The 2009 Mid-American Conference football season is an NCAA football season that was played from September 3, 2009, to January 7, 2010.  The Mid-American Conference consists of twelve full-time members, with Temple University holding an affiliate membership for football.

Previous season 
Ball State entered the 2008 MAC Championship Game undefeated and as the champion of the West Division.  This was also their first ever appearance in the game.  Ranked #12 in the country, they faced East Division champion Buffalo in the annual contest held at Ford Field.  That was Buffalo's first appearance as well.  The Bulls upset Ball State and took the MAC Championship, giving Ball State their first loss of the season.

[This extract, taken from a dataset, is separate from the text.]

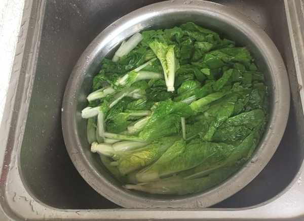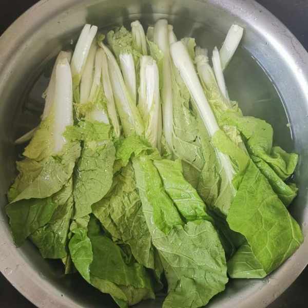 第一步:小白菜摘去雜質,清洗乾淨,浸泡大約10分鐘。小白菜中含有的各類維他命,比如維他命c,維生素b1等等,都是特別豐富的,能滋補身體,平時多吃很有好處。
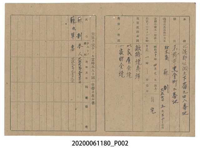 本件長19公分、寬26公分、高0.1公分。為戰時造成之意外災害證明書,為昭和20年(1945)6月10日發行,經手人為臺南州知事宮尾五郎,後方附上文件為個案證明書,包含受害者之籍貫、住所、危害狀況、給付金等相關資料。

After the championship game ended, four MAC football head coaches either resigned or were fired from their teams.  This began with Ball State's coach Brady Hoke, who resigned to pursue a head coaching job at San Diego State University.  He was replaced by Stan Parrish for the 2009 season.  Parrish was promoted internally after serving as Ball State's assistant football coach for four seasons.  The only other head coaching change in the West Division was in Eastern Michigan where Jeff Genyk, head coach for the past five years, was fired after a combined 15–42 record.  He was replaced by Ron English, who served as an assistant coach at the University of Michigan for five years as well as the University of Louisville during the 2008 season.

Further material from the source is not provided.